- _WHAT NEEDS TO BE DONE_
The records sit below this line. Repeat all of them exactly.

- _DATA IN THIS EXERCISE_
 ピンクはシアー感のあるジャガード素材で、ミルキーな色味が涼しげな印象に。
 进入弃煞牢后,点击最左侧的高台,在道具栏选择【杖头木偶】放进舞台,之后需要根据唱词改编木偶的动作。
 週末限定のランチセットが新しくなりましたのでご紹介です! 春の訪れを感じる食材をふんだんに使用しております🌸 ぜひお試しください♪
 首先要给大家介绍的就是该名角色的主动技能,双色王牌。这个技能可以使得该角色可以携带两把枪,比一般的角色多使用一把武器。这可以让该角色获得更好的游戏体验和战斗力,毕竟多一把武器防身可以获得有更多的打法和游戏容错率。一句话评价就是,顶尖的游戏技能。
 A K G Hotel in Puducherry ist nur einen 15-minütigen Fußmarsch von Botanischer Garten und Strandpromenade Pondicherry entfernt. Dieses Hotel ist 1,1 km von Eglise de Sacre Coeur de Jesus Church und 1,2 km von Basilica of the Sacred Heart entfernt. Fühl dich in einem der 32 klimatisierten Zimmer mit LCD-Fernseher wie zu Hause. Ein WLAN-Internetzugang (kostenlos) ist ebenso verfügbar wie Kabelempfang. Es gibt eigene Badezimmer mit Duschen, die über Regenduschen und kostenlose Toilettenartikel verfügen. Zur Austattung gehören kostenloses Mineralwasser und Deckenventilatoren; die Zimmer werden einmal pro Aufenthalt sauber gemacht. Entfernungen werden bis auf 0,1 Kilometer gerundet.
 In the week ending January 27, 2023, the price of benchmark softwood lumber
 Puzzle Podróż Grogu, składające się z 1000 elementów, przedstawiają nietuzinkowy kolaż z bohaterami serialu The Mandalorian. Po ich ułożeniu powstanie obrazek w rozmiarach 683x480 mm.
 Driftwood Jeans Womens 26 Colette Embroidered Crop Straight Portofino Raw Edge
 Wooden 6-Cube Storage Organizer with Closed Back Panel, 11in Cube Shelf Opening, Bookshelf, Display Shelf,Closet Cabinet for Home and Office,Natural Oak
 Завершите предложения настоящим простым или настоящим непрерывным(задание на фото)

- _COMPLETED EXERCISE_
 ピンクはシアー感のあるジャガード素材で、ミルキーな色味が涼しげな印象に。
 进入弃煞牢后,点击最左侧的高台,在道具栏选择【杖头木偶】放进舞台,之后需要根据唱词改编木偶的动作。
 週末限定のランチセットが新しくなりましたのでご紹介です! 春の訪れを感じる食材をふんだんに使用しております🌸 ぜひお試しください♪
 首先要给大家介绍的就是该名角色的主动技能,双色王牌。这个技能可以使得该角色可以携带两把枪,比一般的角色多使用一把武器。这可以让该角色获得更好的游戏体验和战斗力,毕竟多一把武器防身可以获得有更多的打法和游戏容错率。一句话评价就是,顶尖的游戏技能。
 A K G Hotel in Puducherry ist nur einen 15-minütigen Fußmarsch von Botanischer Garten und Strandpromenade Pondicherry entfernt. Dieses Hotel ist 1,1 km von Eglise de Sacre Coeur de Jesus Church und 1,2 km von Basilica of the Sacred Heart entfernt. Fühl dich in einem der 32 klimatisierten Zimmer mit LCD-Fernseher wie zu Hause. Ein WLAN-Internetzugang (kostenlos) ist ebenso verfügbar wie Kabelempfang. Es gibt eigene Badezimmer mit Duschen, die über Regenduschen und kostenlose Toilettenartikel verfügen. Zur Austattung gehören kostenloses Mineralwasser und Deckenventilatoren; die Zimmer werden einmal pro Aufenthalt sauber gemacht. Entfernungen werden bis auf 0,1 Kilometer gerundet.
 In the week ending January 27, 2023, the price of benchmark softwood lumber
 Puzzle Podróż Grogu, składające się z 1000 elementów, przedstawiają nietuzinkowy kolaż z bohaterami serialu The Mandalorian. Po ich ułożeniu powstanie obrazek w rozmiarach 683x480 mm.
 Driftwood Jeans Womens 26 Colette Embroidered Crop Straight Portofino Raw Edge
 Wooden 6-Cube Storage Organizer with Closed Back Panel, 11in Cube Shelf Opening, Bookshelf, Display Shelf,Closet Cabinet for Home and Office,Natural Oak
 Завершите предложения настоящим простым или настоящим непрерывным(задание на фото)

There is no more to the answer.